Transatlantic Intelligencer: Gerhard Schröder, Belgian Jihad and French Car Burning

Transatlantic Intelligencer: Gerhard Schröder, Belgian Jihad and French Car Burning

Editor's Note: Today we present the second installment of Transatlantic Intelligencer, a new column written by World Politics Review translations editor John Rosenthal. Drawing from predominantly European foreign-language news sources, Rosenthal posts each "Trans-Int" item on the WPR blog as he uncovers it.
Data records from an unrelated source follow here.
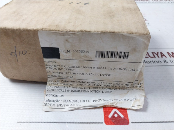 Famabras 14105-1 Pressure Gauge 0-10 Bar 232.50 4 Pol 1/2 Bsp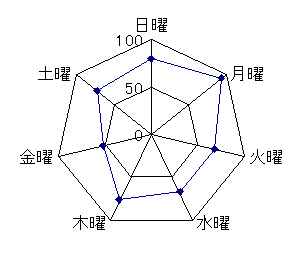 勢いがあったのはウイルス発生から1週間程度で、すぐに落ち着きました。以降は、少しずつ減少しながら、それなりに安定したウイルス供給が続いています。 ついでに曜日別の傾向を見出せないかと思ったのが、次のグラフです。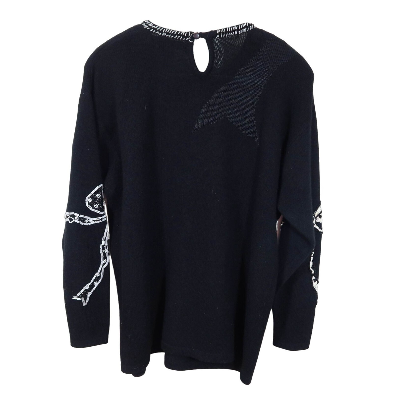 Vintage Beaded Bow Pullover Sweater Size L w/ Shoulder Pads Whimsigoth Wool

At the start of the next week, we publish all of the items in this full column in our news section.

GERARD SCHRÖDER, NOW AND THEN -- With important elections upcoming later this month in the German states of Hesse and Lower Saxony and next month in Hamburg, former Chancellor Gerhard Schröder has returned to the public eye: campaigning for his Social Democratic Party (SDP) and leading the charge against the rival Christian Democratic Union (CDU).

The incumbent CDU Governor of Hesse, Roland Koch, has come in for particularly severe criticism from the former chancellor. Following a brutal attack on a senior citizen in a Munich subway station last month, the themes of "youth crime" and "foreigner crime" [Ausländerkriminalität] have come to dominate the headlines in Germany. In an interview with the popular German tabloid Bild, Koch took up and joined the themes, saying "We have too many young criminal foreigners [in Germany]," and he appeared to endorse expulsions as a means of dealing with the alleged "problem." "Someone who as a foreigner fails to respect our rules does not belong here," Koch said. It should be noted that in Germany the term "foreigner" [Ausländer] is commonly applied to immigrants or even second- or third-generation descendants of immigrants. (For example, Serkan A., one of the two young "foreigners" accused of the Munich subway attack, was born and raised in Germany.)